During Peristaltic movement, the circular muscles contract behind the bolus while the circular muscles ahead of
the bolus relax and the longitudinal muscles ahead of the bolus contract and shorten the segment. This moves the
bolus forward. The arrival of the bolus in the stomach stretches the stomach and triggers a receptive relaxation
response. Pacemaker cells in the stomach, particularly in the smooth muscle of the stomach initiates parasal
contractions that sweep towards the small intestines every 20 seconds when a small amount of the bolus is forced
through the sphincter into the duodenum. The pyloric sphincter then contracts, After 30 minutes, the pace picks up
and the smooth muscles of the stomach contract more forcefully, churning and mixing the bolus with gastric
secretions.
Motility of the small intestines serves three functions. It mixes chime with the intestinal juices and the bile as well as
the pancreatic juice. It turns the chime. Originally food is food and then it becomes bolus. Once it is in the small
intestine it becomes chime. It is mixing the chime to increase contact of the chime with the mucosa of the small
intestine for absorption and also for contact with digestive enzymes for digestion.

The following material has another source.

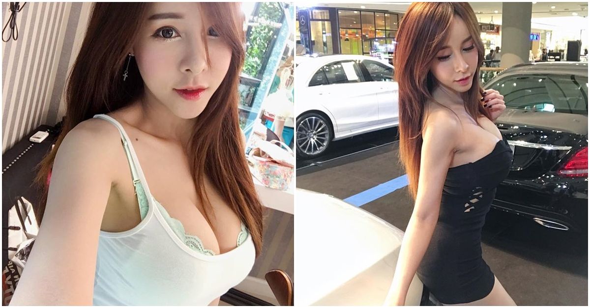 正妹車模挺「狂野車頭燈」大又飽滿.... 溢出來的乳量真的好邪惡

Mechanical Digestion in the small intestine is moving the residue into the large intestine. Motility begins with
segmentation so it is similar to peristalsis, however with segmentation it is not moving material along the digestive
tract. Instead the rhythmic timing of the muscle contractions force the chime backwards and forwards so it is
mixing the contents in the chime with the intestina fluid and allowing more time for digestion and absorption. As
the nutrients are absorbed and the content decreases with the small intestine, there is a decrease in stretch and
this signifies the beginning of peristalsis which moves the residue towards the large intestine.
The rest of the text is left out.